Das gesellschaftliche Begehren nach „dem Anderen“ wird unterdrückt und totgeschwiegen, als irrational und unrealistisch erklärt. Doch sehr erfolgreich ist man dabei nicht.

Tatsächlich nämlich lässt sich in unserer Gesellschaft eine Unzufriedenheit ausmachen, die man auch als Drang nach dem Utopischen, als Sehnsucht nach einer Alternative begreifen kann.

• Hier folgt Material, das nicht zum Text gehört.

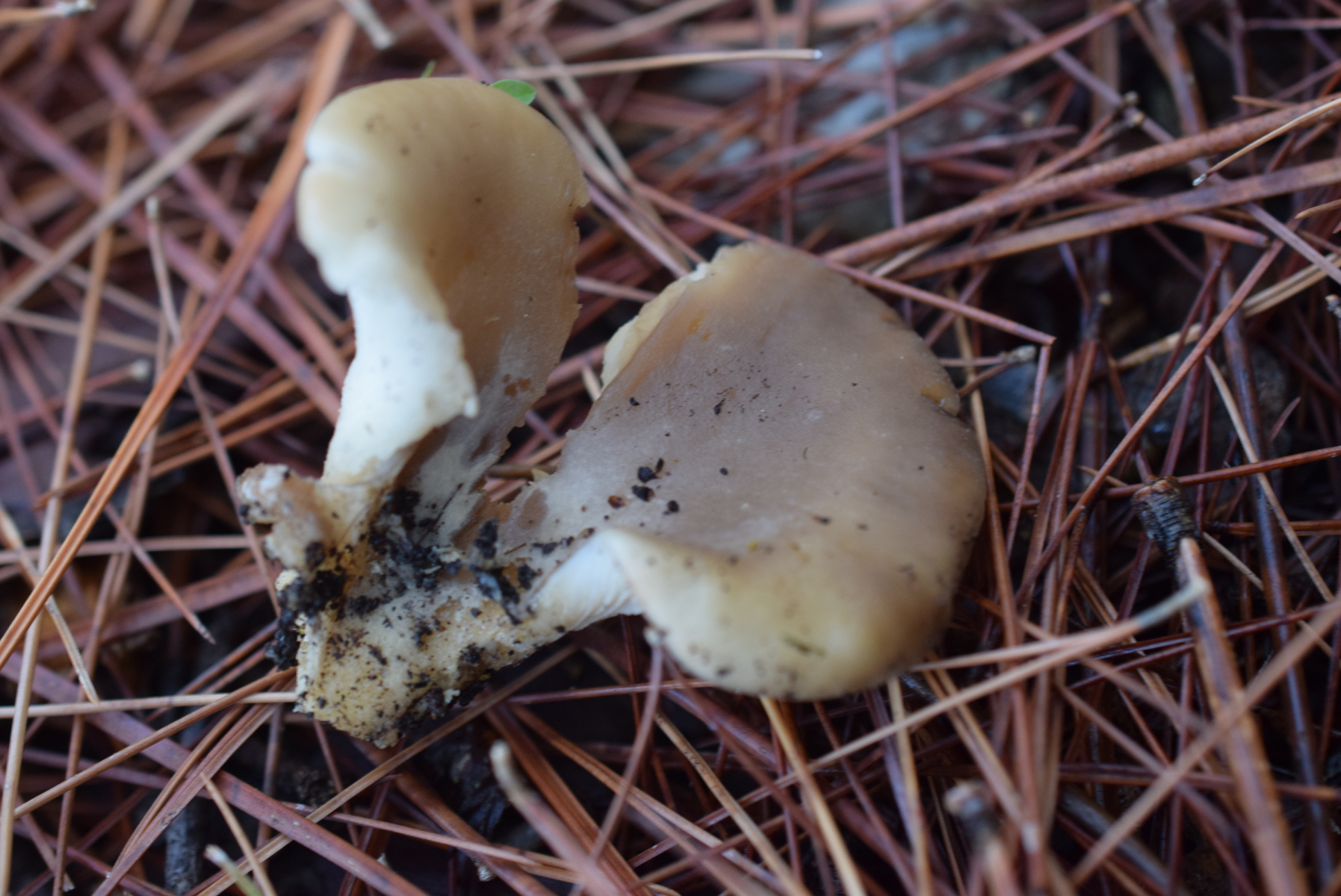 Ich bin vollkommen überfragt mit diesem Exemplar. Es scheint fast ungestielt zu sein, das Fleisch ist weiß, die Lamellen gelblich. Die FK sind nicht eben dünnfleischig. Die Huthaut ist cremefarben bis grau-bräunlich. Die Fruchtkörper riechen sehr würzig, Geschmack ist mild. Es zeigt sich an der Basis etwas violetter Myzelfilz. Ich bin ratlos, würde aber aufgrund des Habitus die Gattungen Panellus, Pleurotus, Lentinus, Lentinellus oder Hohenbuehelia vermuten? Wie komme ich hier weiter?

Egal ob Umweltaktivist_in, Pegida-Anhänger_in, Pegida-Gegner_in, AfD-Wähler_ in oder Flüchtlingshelfer_in, so unterschiedlich diese Gruppen sein mögen und so gravierend verschieden die von ihnen verfolgten Ziele: Sie alle zeigen sich mit erheblicher Vehemenz unzufrieden mit dem status quo. Was immer sie wollen, es ist nicht das, was ist. Die Proklamation der Alternativlosigkeit zieht nicht mehr, da die Menschen zu deutlich ahnen: Es muss auch anders gehen. Wir haben den optimalen Endzustand, das non plus ultra noch nicht erreicht. Daher ist nicht die Suche nach Alternativen illusorisch, sondern die Alternativlosigkeit selbst. Ersteres bedeutet ein weitsinniges Aufblicken von der Realität, letzteres aber ein Augenverschließen vor ihr.

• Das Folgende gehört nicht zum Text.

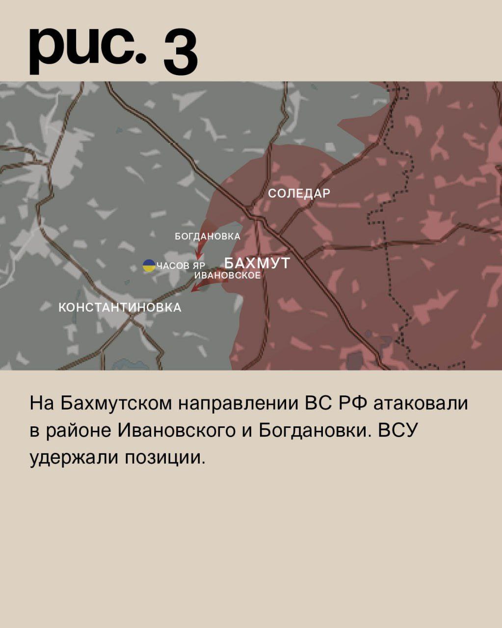 На Бахмутском направлении ВС РФ атаковали в районе Ивановского и Богдановки. ВСУ удержали позиции. (Рис. 3)

Indem die Politik auf Utopien verzichtet, begibt sie sich selbst in einen Zustand, der dem des oft kritisierten Endzustands der klassischen Utopien auffällig ähnelt. Eine eingesetzte Ordnung, die nicht mehr verändert werden soll. Verwaltung statt Gestaltung. Fortschritt, der um seiner selbst willen fortschreitet und kein Ziel kennt. Es ist an der Zeit wieder die Frage nach der guten Gesellschaft zu stellen.

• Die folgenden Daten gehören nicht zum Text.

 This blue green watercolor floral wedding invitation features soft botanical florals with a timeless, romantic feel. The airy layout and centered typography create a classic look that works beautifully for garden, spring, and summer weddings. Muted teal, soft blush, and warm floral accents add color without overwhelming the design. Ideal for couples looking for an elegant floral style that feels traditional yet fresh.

Es ist an der Zeit, dass die Utopie in die Politik zurückkehrt. Nicht als Entwurf eines geschlossenes Systems, sondern pluralistisch, prozesshaft, offen als kritisches Korrektiv (Saage 1991; Saage 2006), als Angebot von Alternativen. Sie kann uns als Lotse und Kompass dienen, um den Weg zu einer besseren Gesellschaft zu finden. Um unserem Fortschritt eine Richtung zu geben.

Der Mangel an Fantasie und Kreativität in der Politik fü hrt nicht nur zu einer Politikverdrossenheit in der Bevölkerung, sondern auch zu einer gefährlichen Unbeweglichkeit im politischen Denken und Handeln, welche neue gesellschaftliche Herausforderungen und die aktuell sehr präsenten unterschiedlichen Begehren in der Gesellschaft nach Veränderung, nach einer Alternative zu dem, was ist und was schon lange nur noch eine Fortsetzung eines einmal eingesetzten status quo darstellt, nur schlecht bewältigen und auffangen kann. Dadurch werden Ressentimentbildungen bestärkt, die aktuell vor allem von nationalistischen Gruppierungen sehr effektiv ausgenutzt werden. Eine vielfältige, offene und vor allem dynamische Gesellschaft, die sich auf neue Herausforderungen einstellen kann, ist hingegen nur da möglich, wo der status quo immer wieder in Frage gestellt, diskutiert, durch die Präsentation von Alternativen verunsichert wird. Das aber ließe uns in der Forderung gipfeln: Wer Visionen hat, soll in die Politik gehen – und aufbegehren gegen die Proklamation der Alternativlosigkeit.

| Ina-Maria Maahs

Literatur:

Fest, Joachim: Der zerstörte Traum. Vom Ende des utopischen Zeitalters, Berlin, 1991. Saage, Richard: Politische Utopien der Neuzeit, Darmstadt, 1991. Saage, Richard: Politische Profile. Widersprüche und Synthesen des 20. Jahrhunderts, Berlin, 2006.